SQL Common Table Expressions (CTE): Top-Down Logic

Q: What is a CTE and how does it differ from a subquery?

A CTE is a named temporary result defined with WITH name AS (SELECT ...) that can be referenced by name in the main query. CTEs improve readability and can be referenced multiple times in the query without re-executing the logic.

Q: When should I use a CTE versus a temporary table?

Use CTEs for single-query readability when you do not need to reuse intermediate results across multiple statements. Use temporary tables when the result is large and you want to materialise it once for efficient reuse.

Q: What is a recursive CTE and what problems does it solve?

A recursive CTE references itself repeatedly until no new rows are produced, solving hierarchical traversal problems like finding all descendants in an org chart or computing paths in a graph.

"Code is read 10x more than it is written. CTEs are the bridge between a query that works and a query that can be understood."

In your journey through advanced SQL, you will eventually encounter a query that is 50 lines of nested subqueries, 10 JOINs, and 4 layers of "Derived Tables." These "Spaghetti Queries" are a disaster for teams. They are hard to debug, impossible to refactor, and hide bugs in their complexity.

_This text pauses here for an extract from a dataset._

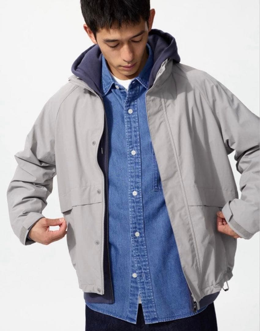 【即購入可】 UNIQLOウインドプルーフスタンドブルゾン GRAY M

The Common Table Expression (CTE)-implemented via the WITH clause-is the professional solution to this problem. It allows you to name your sub-calculations and define them before the main query starts. This guide explores the architecture of the "Top-Down" query and how to use CTEs to build production-grade, maintainable software.

1. What is a CTE? (The Named Variable)

A CTE is a temporary result set that you define at the beginning of your SQL statement. You give it a name, and then you can refer to that name just like a real table in your main SELECT, INSERT, UPDATE, or DELETE.

The Basic Syntax

sql

WITH top_customers AS (
    -- This looks like a variable definition
    SELECT customer_id, SUM(amount) as total_spent
    FROM orders
    WHERE order_date > '2026-01-01'
    GROUP BY customer_id
    HAVING SUM(amount) > 1000
)
-- Now we use the 'variable' in our main query
SELECT c.name, t.total_spent
FROM customers c
JOIN top_customers t ON c.id = t.customer_id;

Organization: You can separate your "Data Cleaning" logic from your "Reporting" logic.

The Multi-Reference Mirror

What happens if you use the same CTE three times in one query? SELECT * FROM my_cte JOIN some_table JOIN my_cte JOIN other_table...

The Physics: In older engines, the database would run the CTE code three separate times.
The Buffer Mirror: In modern SQL, the database detects the multiple references and calculates the CTE exactly once, storing the result in a local memory buffer for the rest of the query life-cycle.
The Win: This saves massive amounts of I/O and CPU cycles compared to repeating subqueries.

2. Chaining CTEs: The Assembly Line

One of the most powerful features of the WITH clause is the ability to chain multiple CTEs together. Each CTE can reference the ones defined before it.

Use Case: The Multi-Stage Report

Imagine you need to:

Find all orders from the last month.
Calculate the standard tax for those orders.
Calculate the shipping cost for those orders.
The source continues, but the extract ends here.